Joana Fojo Ferreira A pandemia do covid-19 implicou ajustes e adaptações nas vidas de todos nós. Há os que tiveram relativa facilidade neste ajuste, e até fizeram reformulações interessantes e desejadas nas suas vidas, e há os que tiveram mais dificuldade, para quem a situação foi mais desafiante e dura.
Passados dois meses, há potencialmente novas mudanças, novas adaptações, que o cenário atual, ainda que gradualmente, impõe fazer – os que gostaram ou beneficiaram da experiência de confinamento, podem ter dificuldade agora no retorno ao registo anterior, e os que tiveram dificuldade com o confinamento, podem debater-se com a lentidão necessária do retorno. Independentemente de para que lado pendemos mais, darmo-nos tempo e espaço para ir fazendo o balanço desta experiência é importante para a integrarmos na nossa história, na nossa identidade, de uma forma o mais tranquila e saudável possível:
Enfim, há muito para refletir e integrar, e associado a um contexto de incerteza do que vai acontecer daqui para a frente – o retorno é definitivo ou vamos precisar voltar ao confinamento?

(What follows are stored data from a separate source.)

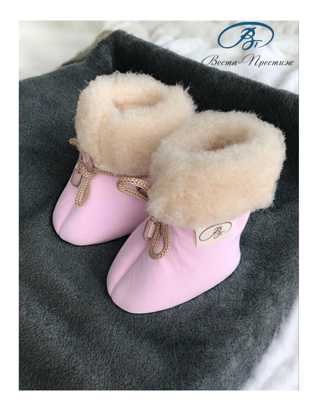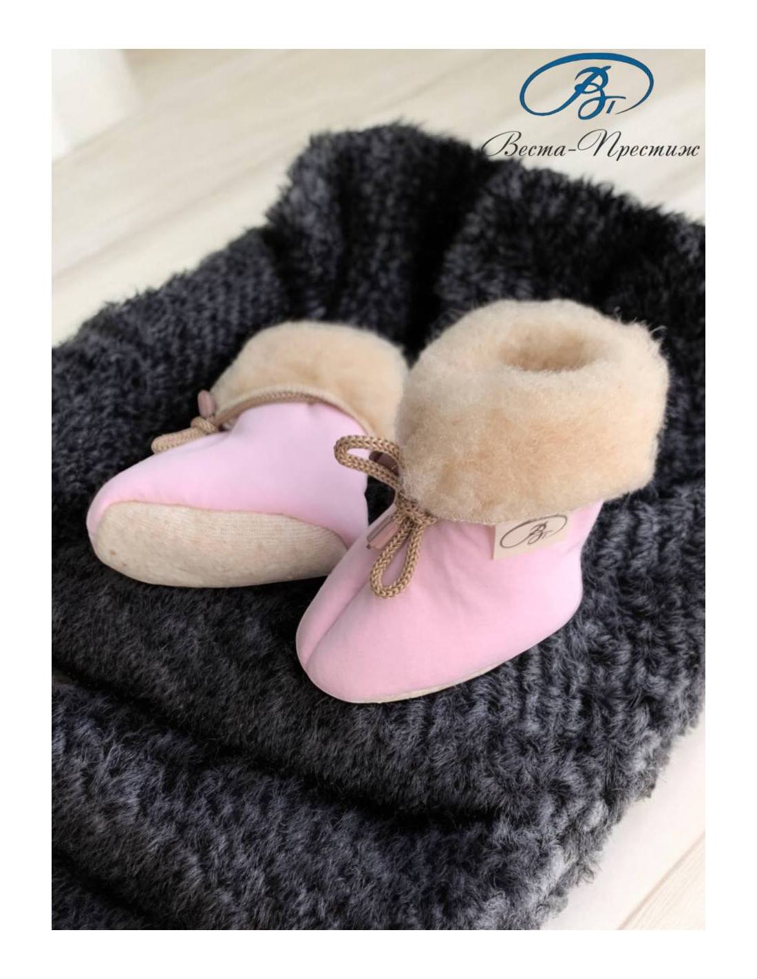 Подкладка пинеток изготовлена из натуральной шерсти и шерстяного меха, что обеспечивает дополнительный комфорт и тепло для ног малыша.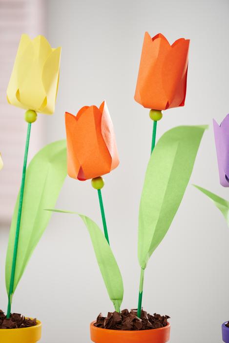 Transfer the motif templates to the corresponding folding sheets: the large flowers go on the colorful folding sheets, the small ones on transparent folding sheets and green folding sheets are optimal for the leaves. Cut everything out, fold the leaves lengthwise in the middle.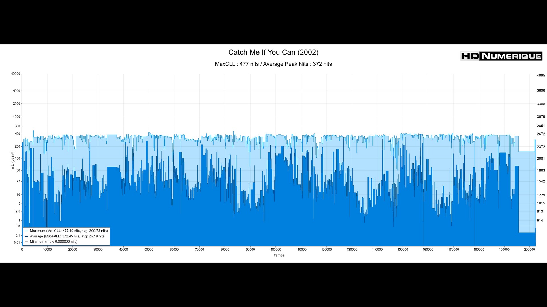 L'apport le plus évident réside dans la gestion des hautes lumières et des ombres détérées. La signature visuelle de Kamiński, faite de lumières diffuses et de halos vaporeux trouve un partenaire à sa hauteur avec le HDR. La moyenne des pics lumineux a été mesurée à 309 nits. Concrètement, les reflets spéculaires sur les chromes ou les sols polis des aéroports gagnent en intensité réaliste. Le travail sur les contrastes redonne du poids et du volume aux objets. Enfin, l’étalonnage réchauffe les carnations, désormais imprégnées de teintes jaune-orangé plus profondes. Elles absorbent la lumière chaude et glamour avec une proximité inédite par rapport au Blu-ray antérieur. Le film respecte aussi une complémentaire teal/cyan un peu plus affirmée .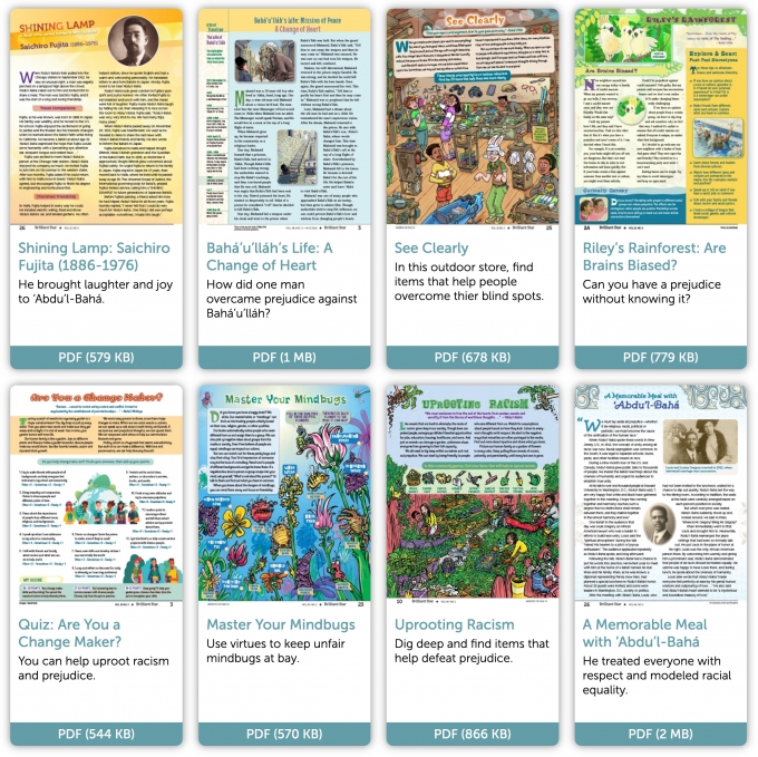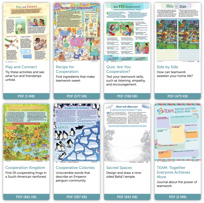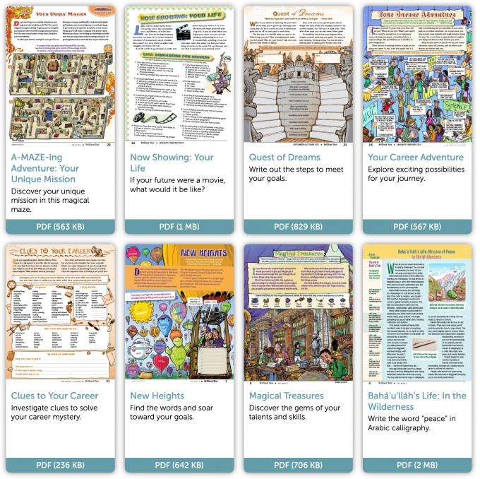 These twelve lessons (arranged in four sets) are for kids who have completed the first year of children’s classes in Ruhi Book 3, Grade 1 and the nine lessons of the first branch course. Each set has a theme, and three lessons foster development of spiritual qualities related to that theme. Kids are also encouraged to develop their skills in creative drama and visual arts. The Brilliant Star content below provides supplemental material to the published lessons for use in the classroom, at home, and in other spaces.
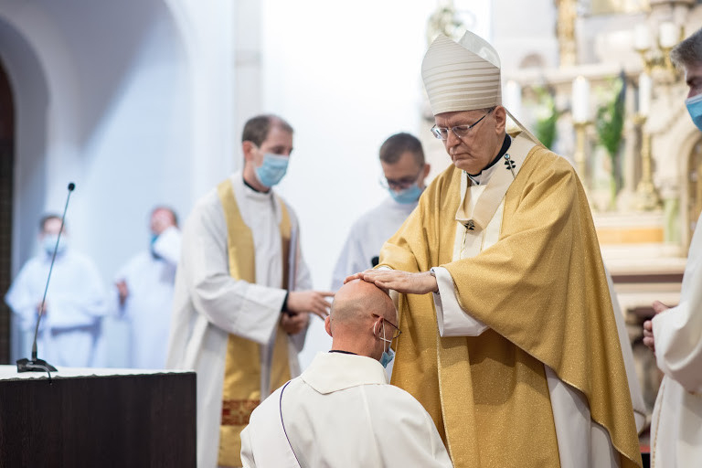 A szentbeszéd után következett a papszentelés, benne a lelkipásztori hivatásról szóló kérdésekre adott négyszeri „Akarom”, majd „Akarom, Isten segítségével” válasszal, a földre borulás szép gesztusával, a Mindenszentek litániájával, valamint a főpásztor és a paptársak áldásával, illetve köszöntésével. A szentmise végén pedig Erdő Péter mosolyogva azzal fordult az épp felszentelt paphoz, hadd részesüljön elsőként az újmisés áldásból. Felemelő és ugyancsak mély értelmű gesztus volt, ahogy Hiba György megáldotta előtte térdeplő főpásztorát, s a bölcsesség, az értelem, a tudomány, a tanács, az erő, a jámborság és az istenfélelem lelkét kérte számára.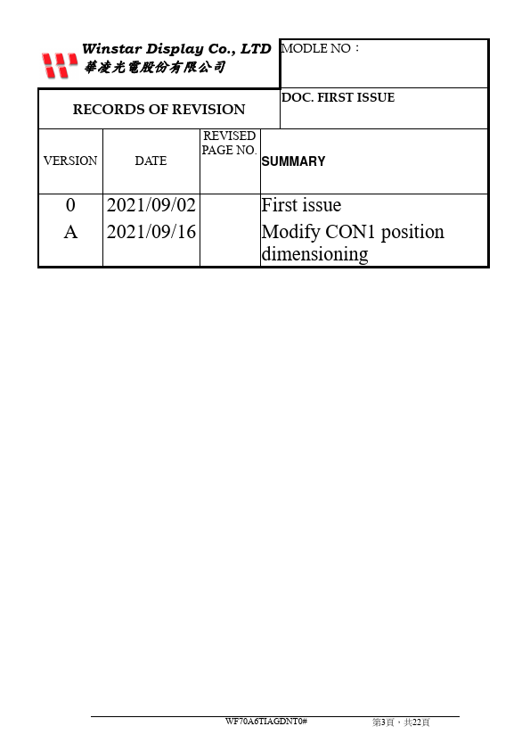 Winstar Display Co., LTD 華凌光電股份有限公司 WEB: https://.winstar..tw E-mail: sales@winstar..tw SPECIFICATION CUSTOMER.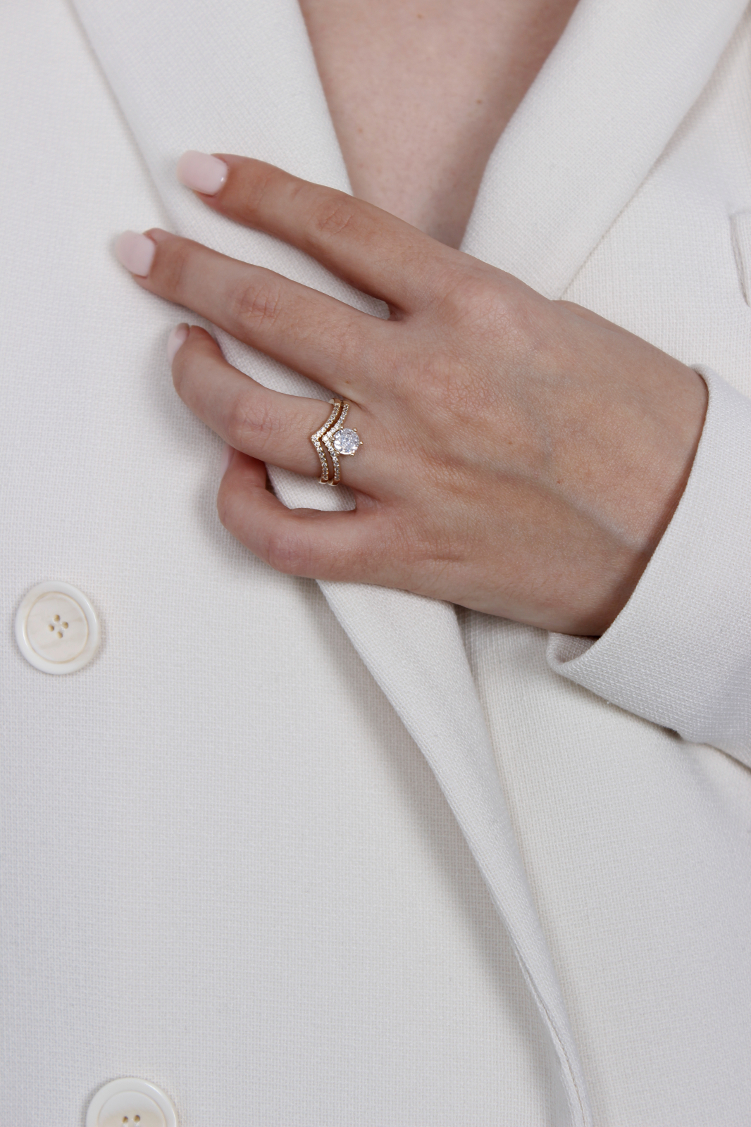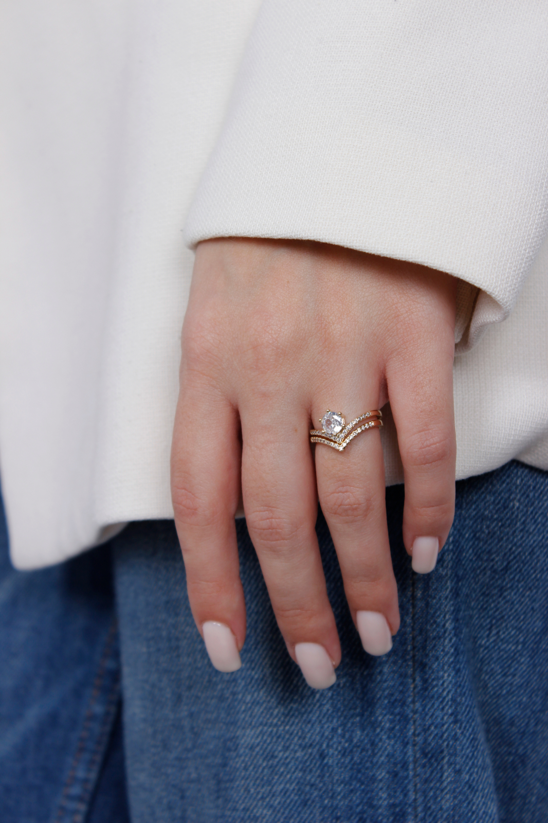 Un set versatil și modern, format din două inele care inspiră eleganță si feminitate. Fiecare piesă este decorată cu pietre zirconii mici pavé, creând o strălucire subtilă, dar constantă. Combinația celor două inele adaugă profunzime și volum, oferind purtătoarei opțiuni în funcție de stil și ocazie.

Quando é que nos poderemos sentir mais seguros relativamente aos riscos de contágio? Quanto é que as dificuldades económicas decorrentes da pandemia me vão afetar? Quando é que me posso voltar a sentir um cidadão do mundo e desfrutar de uma mobilidade relativamente livre por ele?… É tempo de nos darmos espaço para ir formulando as nossas perguntas e encontrando as nossas respostas. Salvo situações mais radicais de fundamentalismos preocupantes, não há reações certas e erradas, nem opiniões certas e erradas, vamo-nos debruçando sobre elas à medida que as vamos sentindo presentes em nós, e vamo-nos construindo ou reconstruindo com elas.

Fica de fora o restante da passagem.